The UN special rapporteur for the Palestinian territories, Francesesca Albanese, accused Israel of “genocide of the Palestinians” and Turkey denounced “a new crime against humanity.”

Saudi Arabia and the United Arab Emirates condemned the attack and Qatar called for an “urgent international investigation.”

After ten months of war, the Israeli army continues to fight the Islamist movement in the Palestinian territory.

It said on Friday that it was engaged in fighting in the region of Khan Younis, the large city in the south of the territory reduced to ruins, after having called on the population to evacuate districts in the east of the city.

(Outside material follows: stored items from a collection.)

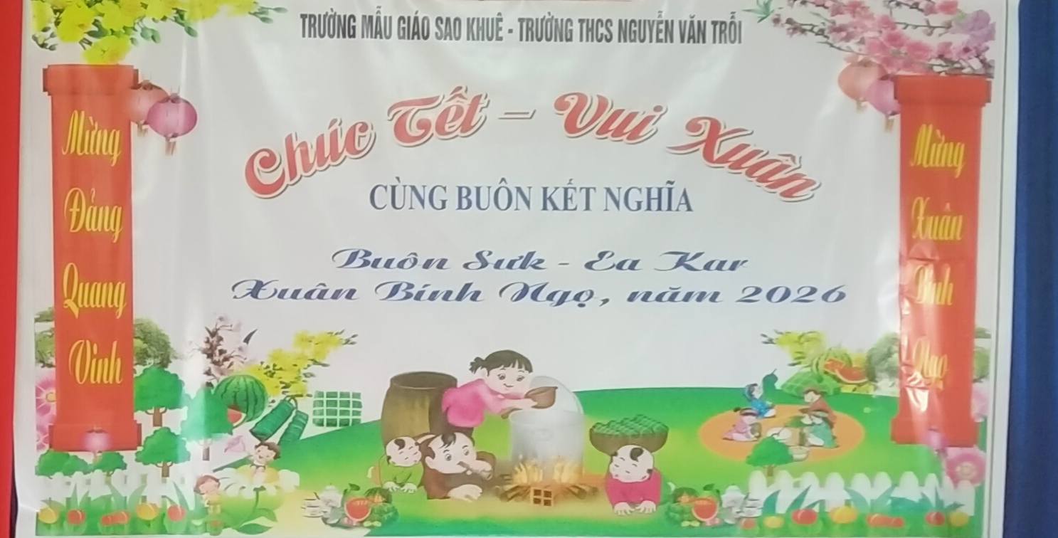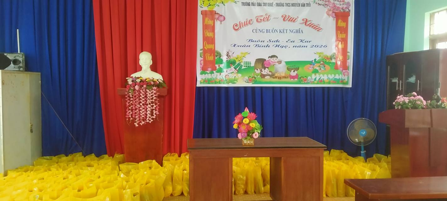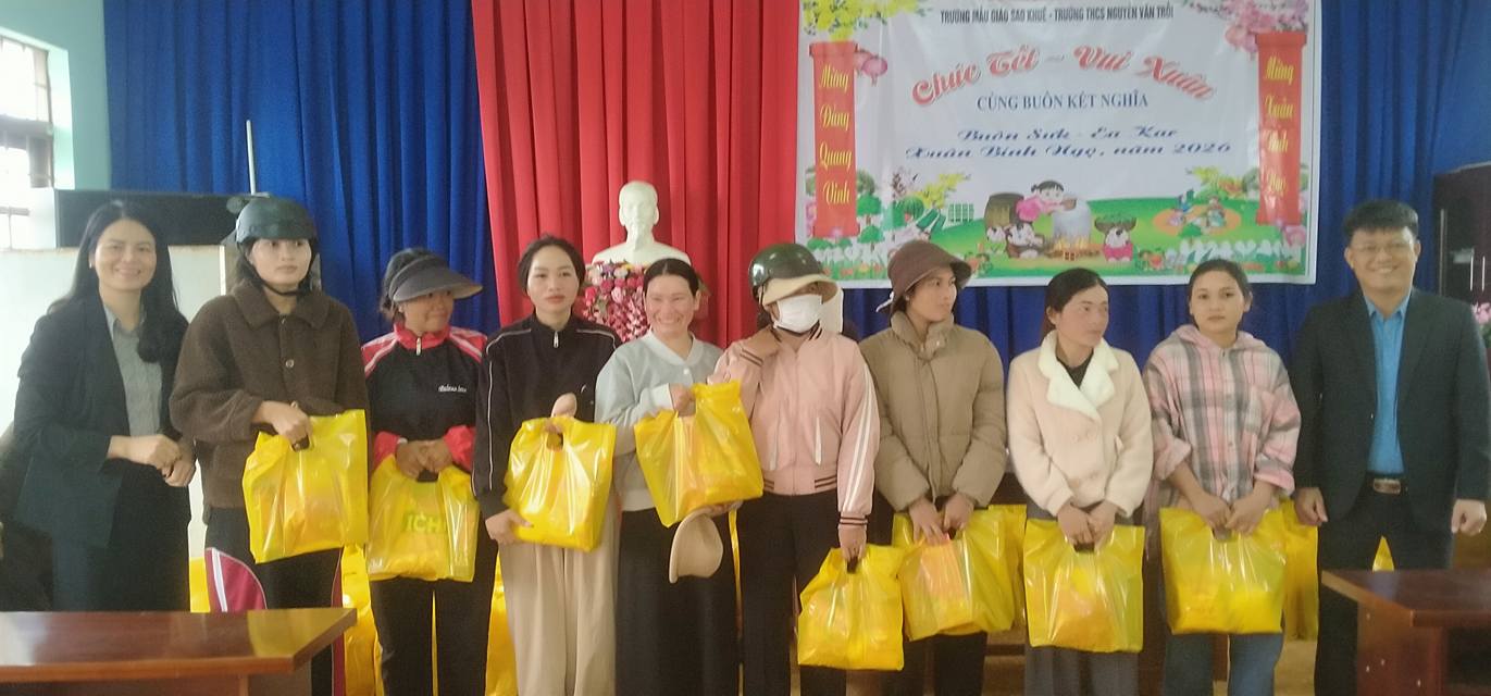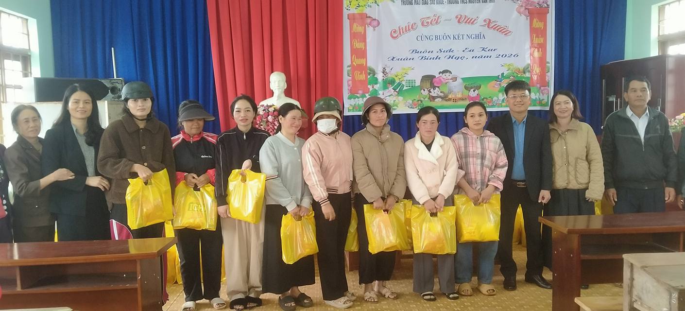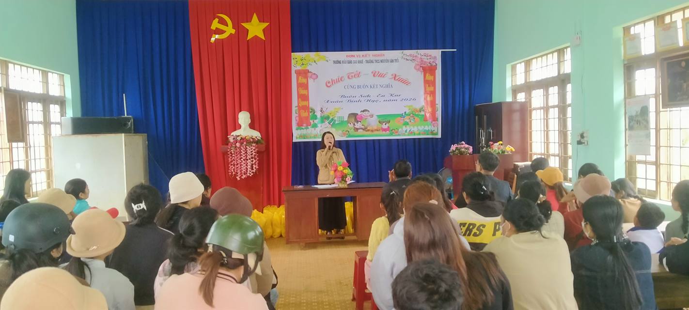 Sáng ngày 15/2/2026. Đại diện BGH nhà trường, Trường THCS Nguyễn Văn Trỗi và Trường Mẫu giáo Sao Khuê – Xã Ea Kar – Tỉnh Đắk Lắk tổ chức tặng quà vui tết, mừng xuân Bính Ngọ năm 2026 với buôn kết nghĩa Buôn Sưk, xã Ea Kar.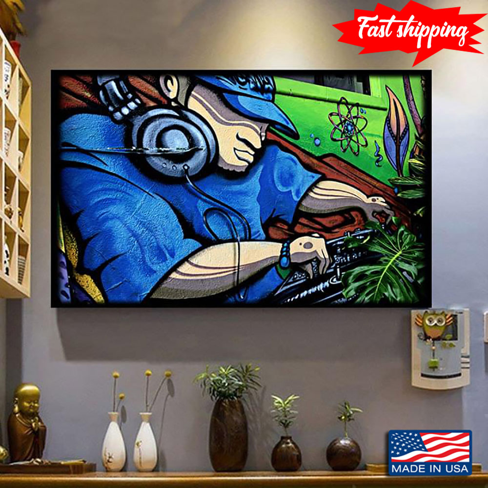 Vintage Cool Man Playing DJPremium Matte posters ( No Framed )Design & Printed in the USAMatte edge-to-edge print on 200 GSM paperMultiple sizes: 11x17, 16x24 InchFingerprint and smudging resistantShipped in well-protected cardboard tube packagingFor indoor useSHIPPINGOn average, merchandise is produced and shipped from our facility 2-3 business days after purchase.Standard shipping/transit times apply (1-7 days for domestic and 4-15 days for international).Replacement/return policyWe stand behind the quality of our products and guarantee our workmanship 100%. Any defects or errors on our part will result in a replacement at no charge.We typically do not accept returns due to user error such as incorrect selection of sizes, designs, colors, etc.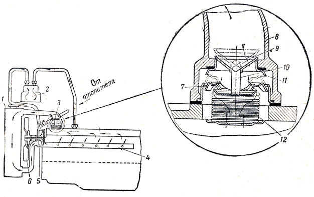 Выпускной клапан открывается при внутреннем избыточном давлении в 1 кГ/см. кв., что обеспечивает повышение температуры кипения охлаждающей жидкости до 119 град. Цельсия. В случае кипения охлаждающей жидкости в радиаторе для отвода пара наружу в горловине верхнего бочка радиатора установлена пароотводящая трубка. При охлаждении жидкости в герметичной системе появляется разряжение , что может привести к смятию бочков и трубок радиатора. Для сигнализации о закипании охлаждающей жидкости в верхнем бочке радиатора установлен электрический импульсный датчик контрольной лампы аварийной температуры 115 град. Цельсия.

Resumption of negotiations ?

According to Hamas, the war has caused nearly 40,000 deaths in the small besieged Palestinian territory, where almost all of the 2.4 million inhabitants have been displaced.

It has also exacerbated tensions between Iran and its allies, notably Hamas and Lebanese Hezbollah, on the one hand, and Israel on the other.

And fears of a flare-up have redoubled following the assassination, on July 31 in Tehran, of Hamas leader Ismail Haniyeh, attributed to Israel by Iran, and that, the day before, of the military leader of Lebanese Hezbollah, Fouad Chokr, killed in an Israeli strike near Beirut.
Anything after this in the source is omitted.